British naval officer and Whig politician

Rear-Admiral Lord John Hay (1 April 1793 – 9 September 1851) was a British naval officer and Whig politician.

==Naval career==
The third son of George Hay, 7th Marquess of Tweeddale, Hay entered the Navy in December 1804, appearing on the books of HMS Monarch. However, this was probably a nominal enrollment to increase his seniority. Hay's first real service was probably aboard HMS Seahorse, beginning in December 1806. He saw considerable action aboard Seahorse (42) on the Mediterranean station, under Captain John Stewart, losing his left arm on a cutting-out expedition in Hyères Bay in 1807. Hay was present during the Seahorses epic fight, on 5 July 1808, with the Badere Zaffer (52) and Alis Fezan (24), which ended with the capture of the Badere Zaffer and the sinking of the Alis Fezan.

He was promoted lieutenant on 1 May 1812, and was appointed to HMS Pique, going to the West Indies station, on 1 June. He transferred to HMS Venerable on 31 May 1814 and was promoted commander on 15 June. On 15 November, Hay joined HMS Bustard, off Lisbon, and was given command of the sloop HMS Opossum in 1815. Opossum served in the Channel and on the North American station until paid off on 5 August 1818. He was made a post-captain on 7 December. On 23 July 1823, he was appointed a deputy lieutenant of East Lothian.

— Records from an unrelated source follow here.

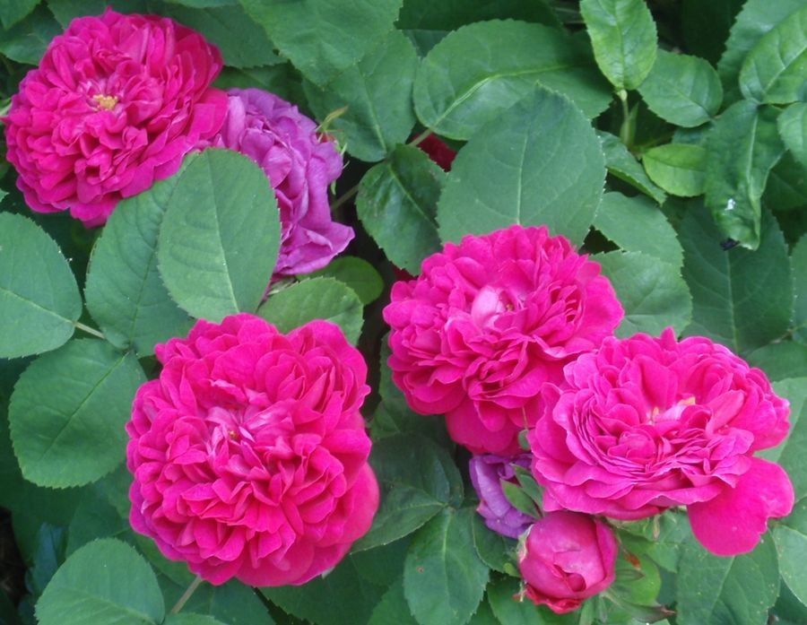 - Темная насыщенная листва хорошо оттеняет розы.
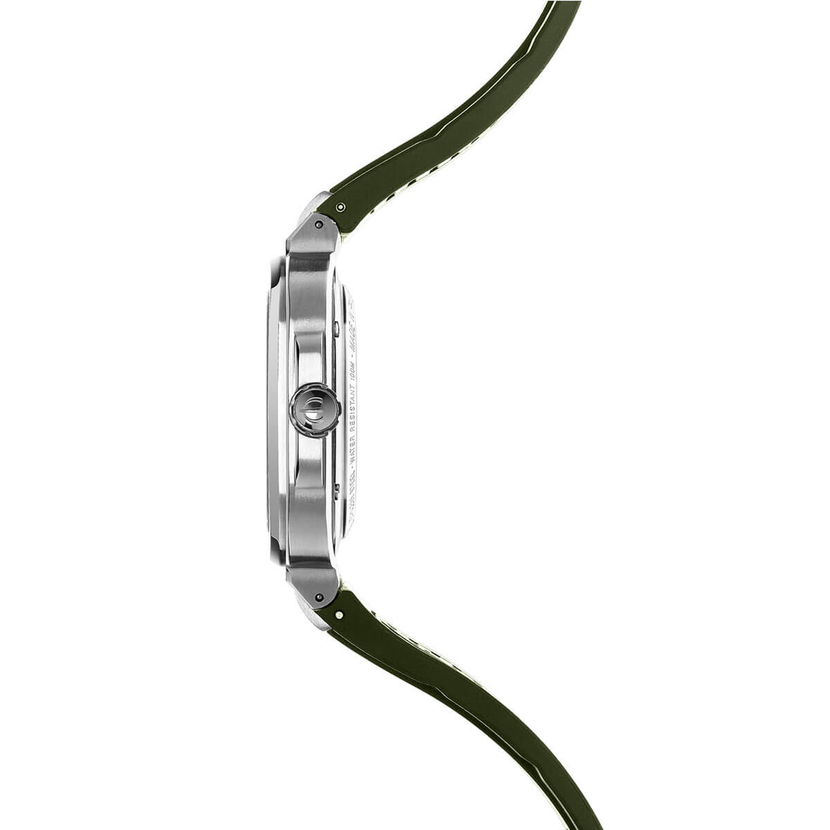Stalowa koperta o wymiarach 40.5 × 40.5 mm to kwintesencja męskiej symetrii – proporcjonalna, wyrazista, wykończona szczotkowaniem, które podkreśla solidność i nowoczesny charakter formy. Cztery śruby na froncie bezelu przypominają o technicznej precyzji, a koronka na godzinie trzeciej została zaprojektowana z myślą o wygodzie obsługi. Zintegrowany z kopertą zielonym pasek z gumy FKM nie tylko harmonizuje z kolorystyką tarczy, ale też gwarantuje odporność na wilgoć, temperaturę i intensywne użytkowanie. Szafirowe szkło zapewnia perfekcyjną przejrzystość i długotrwałą ochronę – zarówno przed codziennymi zarysowaniami, jak i upływem czasu.
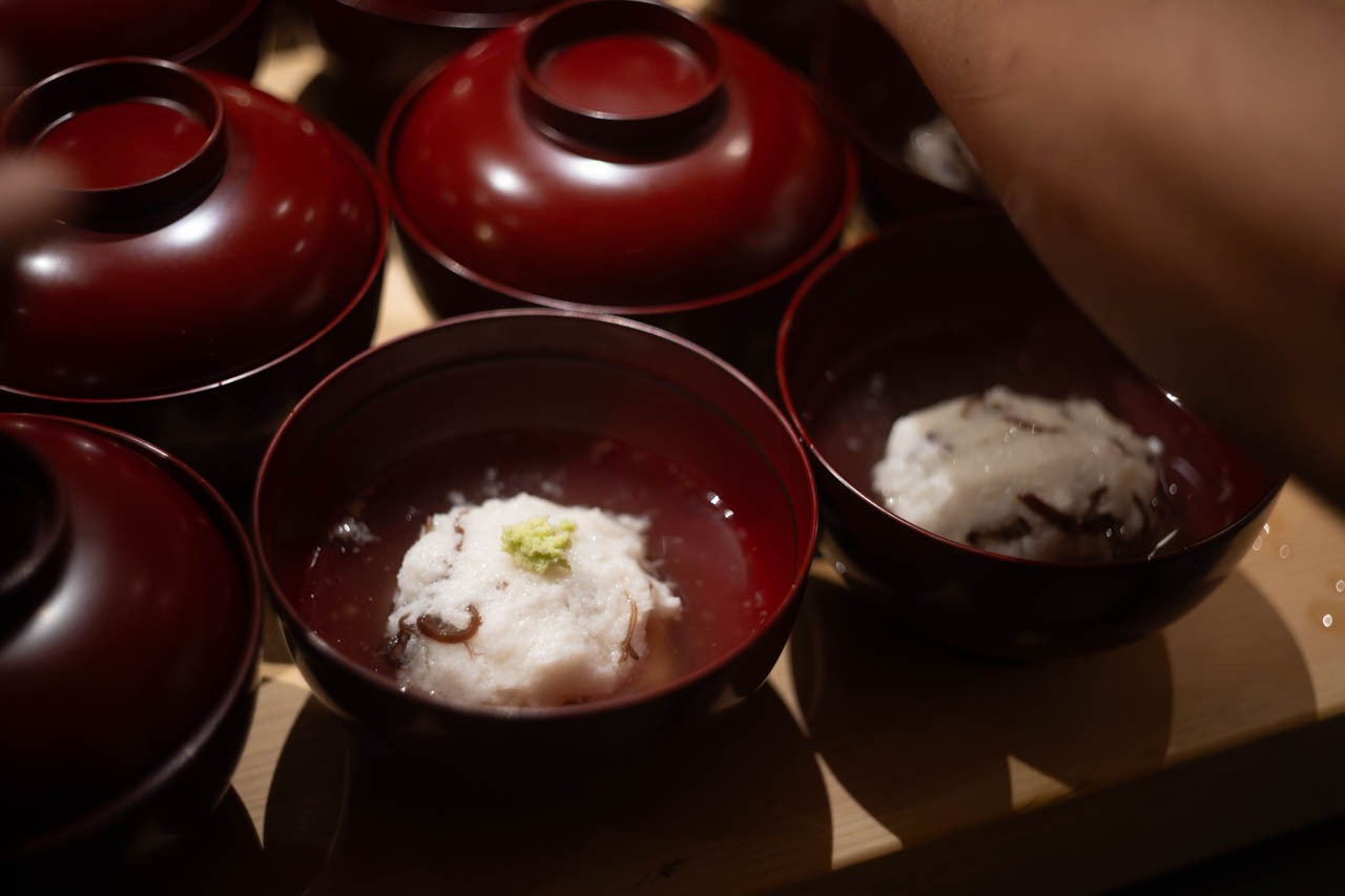 澄み切った出汁が注がれ、十人分のお椀が静かに並ぶ。湯気の向こうに、今宵の宴の頂が見える。

In 1826, he was returned as Member of Parliament for Haddingtonshire. However, due to his Whig connections, he was unable to obtain another command until 24 December 1832, when he was given the new frigate HMS Castor. In 1833, he received a medal from the Society for the Encouragement of the Arts for inventing a telescope-holder that could be used by a one-handed man. On 19 November 1836, he was transferred to the paddle sloop HMS Phoenix, and on 8 March 1837 to HMS North Star, which he commanded until 1840.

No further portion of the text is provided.